Hypericin Mediated Photodynamic Inactivation for the treatment of chronically infected Diabetic Foot Ulcers

Introduction
Diabetes-related foot ulcers (DFUs) are a major complication of diabetes, frequently progressing to infection and osteomyelitis, and associated with high morbidity, mortality, and healthcare costs. Rising antimicrobial resistance further limits therapeutic options. This thesis combines a retrospective observational study of the microbiology of diabetic foot osteomyelitis (DFO) with laboratory evaluation of antimicrobial photodynamic inactivation (aPDI) as a novel non-antibiotic therapeutic strategy.

Methods
Bone specimens taken from patients with DFO attending the Diabetic Limb Salvage Clinic at Leeds Teaching Hospitals NHS Trust between 2017 and 2020 were analysed retrospectively for microbiological and resistance profiles.

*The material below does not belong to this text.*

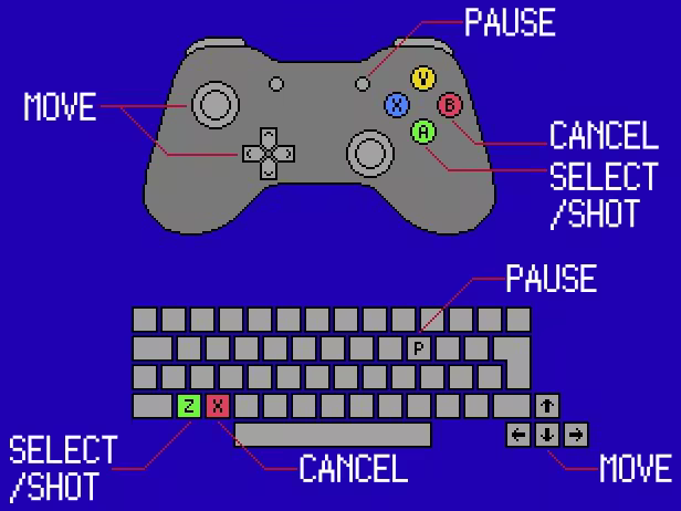 A 2D vertical scrolling simple shooter with retro-style pixel art.

Resistance was classified using international definitions of multidrug-resistant organisms (MDROs). Findings from this clinical study informed the design of subsequent in vitro experiments evaluating the efficacy of aPDI against S. aureus. Hypericin was used as a photosensitiser in combination with controlled light exposure, and a hydrogel formulation was developed to improve drug delivery and applicability with the ultimate aim of developing a smart plaster system.

Results
A total of 251 patients were included, contributing 322 ulcers and 392 bone specimens. The microbiological profile was heterogeneous, with Staphylococcus spp., Enterobacterales, Enterococcus spp., and Pseudomonas frequently isolated. Resistance to commonly used antibiotics was widespread, and 13.5% of patients harboured a Multidrug-Resistant Organism (MDRO). Based on these findings, S. aureus was selected as a suitable gram-positive organism for in vitro testing. APDI achieved significant reductions in bacterial viability, and incorporation of hypericin in a hydrogel system supported controlled release suitable for wound application.

Conclusion
This thesis provides new insights into the microbiology and resistance patterns of DFO in local area and demonstrates proof-of-concept evidence that hydrogel-mediated aPDI is effective against S. aureus. Together, these findings highlight the limitations of conventional antibiotic therapy and support further development of aPDI as a novel adjunctive treatment for diabetic foot infections.